As a citizen, I’m happy that the Supreme Court provided me the right to privacy that my Constitution Assembly refused to give me in the first place and that my parliament would never have given me.
But this tendency of the Supreme Court to rewrite and insert almost entire sections in the constitution is going beyond the dangerous limit.
SC has no power to amend or insert text in the Constitution. It can only interpret the constitution where there is any ambiguity in the written text. Even for that, it first has to refer to the records of relevant debate in the Constitution assembly (they are documented and archived) to understand the intention of the Constitution makers behind that particular section.
Some SC orders can act as ordinary law (and not constitution) if pronounced under section 142 but even that power is given to be used in extreme situations (SC now a days uses article 142 quite liberally – latest being liquor ban within 500m of highways). It’s strange that something that was discussed in the Constitution assembly and rejected has been added to the Constitution by the SC on the name of interpretation.
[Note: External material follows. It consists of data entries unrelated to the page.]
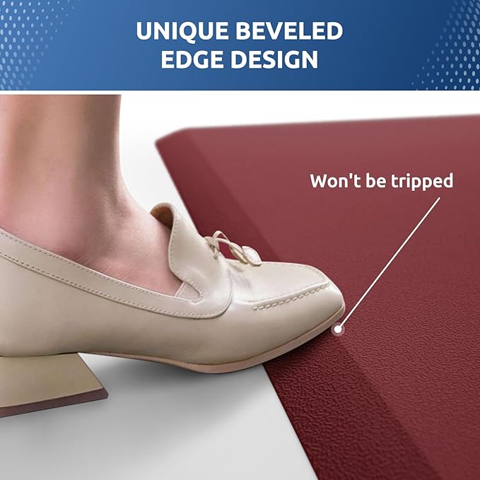 - Safety Design: the diamond-shaped design on the bottom of anti fatigue mats keeps the mat in place and prevents slippage; the bevel edge reduces the risk of tripping on the mat
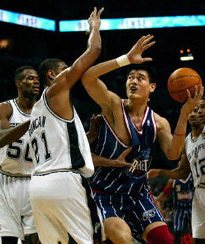 在北京時(shí)間21日早6點(diǎn)開始的休斯頓火箭隊(duì)作客圣安東尼奧馬刺的NBA常規(guī)賽,可謂是姚明要翻越的五座山峰中最艱難的一座。羅賓遜一開場(chǎng)就對(duì)姚明嚴(yán)防死守,后者顯得很不適應(yīng);鸺(duì)的投籃命中率低于馬刺,內(nèi)線又被鄧肯肆虐,雖然姚明11分8個(gè)籃板,對(duì)方也嘗到了“姚氏火鍋”的厲害,但最終5分之差不敵馬刺雙中鋒,敗下陣來。
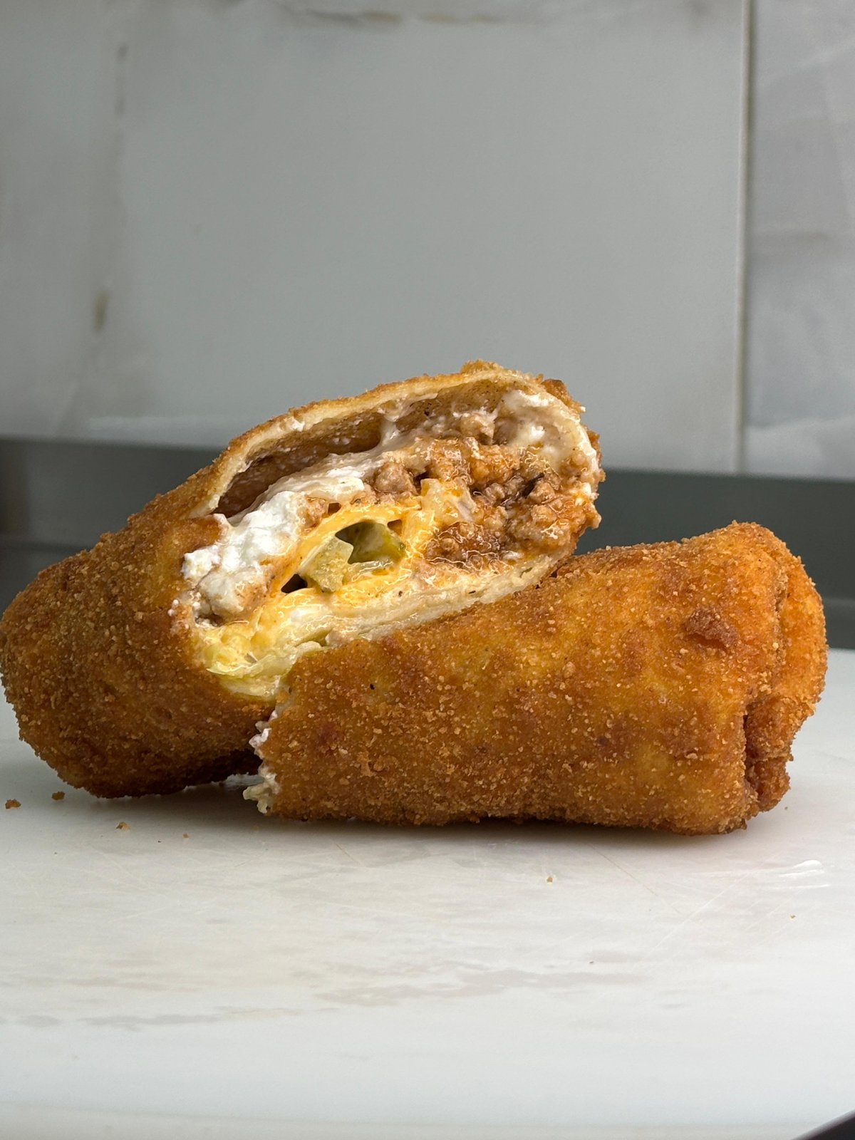 Velika pohovana palačinka sa mlevenim mesom, pavlaka i Gauda sir

In Constitution assembly, KS Karimuddin had moved an amendment to include right to privacy explicitly in the Constitution but it was not accepted by the Constitution assembly. A 8-judge bench (and before that a 6-judge bench) had rightly decided that right to privacy is not a fundamental right encoded in some other fundamental right(s) given in the Constitution.
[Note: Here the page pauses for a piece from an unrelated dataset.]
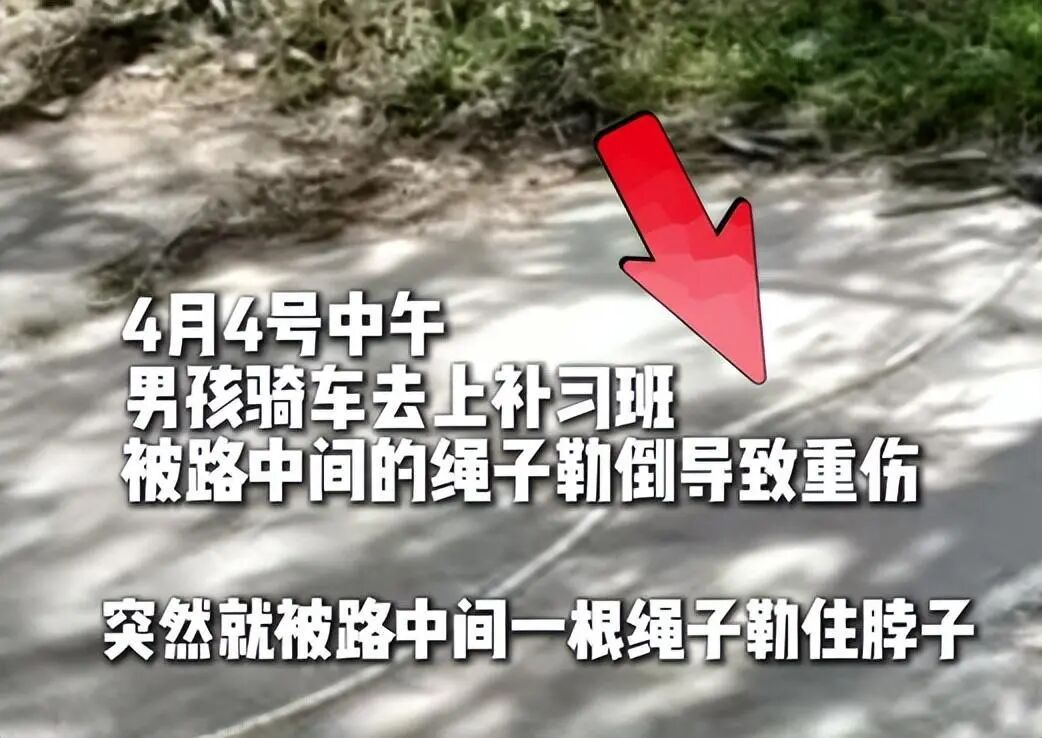 据媒体4月11日报道,近日,河南焦作某村一老人为打玉米,私拴绳子拦村道。一名13岁男孩骑车上学时缠住颈部,瞬间被勒倒。男孩忍痛,托着脑袋生生跑回了家。

Article 21: “Protection of life and personal liberty No person shall be deprived of his life or personal liberty except according to procedure established by law.”
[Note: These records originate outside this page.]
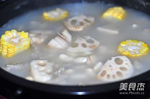 4放入芸豆、玉米、莲藕,调小火煨2个小时。
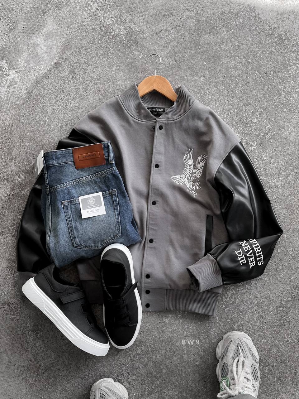 Чоловічий Темно-Сірий Бомбер зі Шкіряними Рукавами на Кнопках Принт Орел
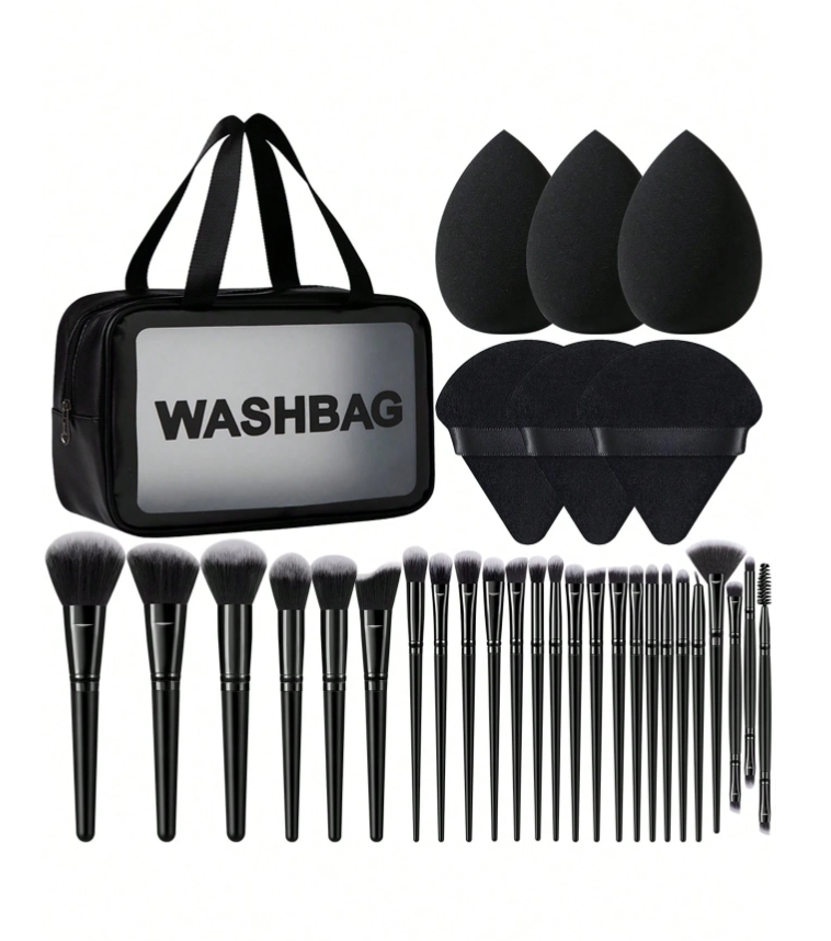 Achieve flawless makeup application with this comprehensive 32-piece makeup tools set, featuring 25 professional-grade brushes for every step of your beauty routine. From foundation and eyeshadow to blending and contouring, each brush is designed with soft, durable bristles for seamless, streak-free application. The set also includes a multi-functional zipper toiletry and cosmetic bag, keeping your tools organized, protected, and portable for travel or daily use.
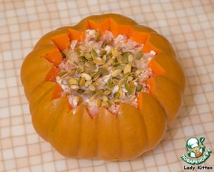 Заполнить тыкву фаршем. Сверху посыпать тыквенными семечками и сбрызнуть оливковым маслом.

The SC today declared that this also means right to privacy.
But if we look at the history of SC judgements, we see that the SC can interpret anything as anything. Our Constitution did not have any concept of “basic structure” or “basic features” defined in it. SC invented that term but did not define it so that it can be defined as and when someone claims something to be part of the basic structure (like the latest one in NJAC case).
SC used the concept of basic structure to limit the power of parliament in amending the constitution as given in article 368(1). Those powers were unconstrained and absolute in the original constitution as there was nothing called the “basic structure”. This judgement was passed by a 13 judge bench by a 7-6 majority.
The SC also invented the entire Collegium system by interpreting some simple text from articles 124(1) (regarding Supreme Court) and 217(1) (regarding High Courts). So going by those instances, this interpretation of “life and liberty includes privacy” still looks quite small an act.